Дверь была распахнута. Вошедший первым стражник встал слева, второй справа, третий остался посредине: стиль профессионалов. У каждого был тот забавный дробовик, поперек живота, а с поясов свисали булавы. Палец каждого бдительно торчал около крючка. У каждого лицо было обветрено, а глаза ленивые, будто у ящериц. Убийцы с опытом.
Кольчуги свисали до колен, на головах были напялены клепаные стальные шлемы - на полуденной жаре им, должно быть, казалось, что головы засунуты в печь. Средний встал у койки и позволил рабочему концу ружья опуститься. Ствол не был нацелен на меня. Не совсем. - Встать.
День из просто неуклюжего становился чертовски неуютным. - Я только проснулся.
Стражник сделал шаг назад и щелкнул затвором. Дуло сдвинулось, палец влез в кольцо спускового крючка; я же ощутил ледяной укол в промежности. Именно туда целилось дуло. - Встать, монашек.
- Или что? Отстрелишь мне орешки?
- Или вы оскорбите меня на службе. - Новый голос из дверного проема: сочный и дружеский, с джеледийским акцентом, обманчиво легким, как верхние ноты органа. - Фримен Шейд. Прошу, встаньте.
С неохотным вздохом я перебросил ноги через край койки. Слишком стар, чтобы меряться пиписьками. Впрочем, я не утерпел и смерил вооруженного стражника презрительным взором. - Парень любит, чтобы его переспрашивали. Осел.

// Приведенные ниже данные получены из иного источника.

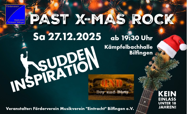 Der Förderverein des Musikvereins Eintracht Bilfingen e.V. lädt ein zum Past X‑Mas Rock — der Party nach den Feiertagen zum Feiern, Mitsingen und Abtanzen. Freu dich auf zwei erstklassige Live‑Acts, großartige Stimmung und einen Abend, bei dem die Tanzfläche nie leer bleibt.

Наверное, в воздухе Бодекена что-то намешано. Или еще что.
Через порог шагнул рыцарь чрезвычайно обыденной наружности, среднего роста - на ладонь ниже меня, вовсе не великана - и средних лет, редеющие волосы вокруг полного, дружелюбного лица. Солнечный знак Хрила на кирасе казался усохшим в сравнении с объемом груди, которую доспех смог вместить с большим трудом. Плащ, переброшенный через наплечники, был белым лишь до пояса, ниже его покрывала грязь. Как и наголенники, и сапоги-сабатоны. Большой шлем быстро оказался в руках одного из телохранителей. Тот побледнел, неуклюже стараясь удержать и шлем начальника, и ружье. Едва не выронил то и другое, чего рыцарь, кажется, не заметил.
Его глаза были теплыми, карими, в них искрилось некое таинственное веселье. Он повел пальцем и подождал, пока третий стражник не закроет дверь.
Камера сразу показалась меньше.
- Фримен Шейд, - начал он, - я Тиркилд, Рыцарь Аэдхарр. Мне довелось стать Попечителем Приречного прихода.
- Неужели? С вашей стороны было весьма великодушно явиться самолично и приветствовать меня в городе. Уверен, вы человек занятой.
- О, поистине. - Рыцарь хихикнул. Моргнул, будто удивился, видя, где стоит. - Я пришел именно что приветствовать вас.
- И при полном Хриловом параде.
- Ну, это лишь для пущего воздействия на достойных. - Он свел руки, отстегивая рукавицы от наручей. - Никто не ожидает прочитать ваше имя в списке достойных, фримен.
Рыцарь Аэдхарр передал рукавицы стражнику. Его руки были большими и широкими. А вот пальцы выглядели короткими, толстыми, словно шпильки для крепления тележных колес. И столь же мягкими.
2
"Красавчик Жест" - роман П. Рена о похождениях трех французских солдат, братьев Жест, среди кочевников Сахары; в США по нему сняты фильмы. Само слово Jeste в старофранцузском означало рыцарский подвиг, эпическое деяние.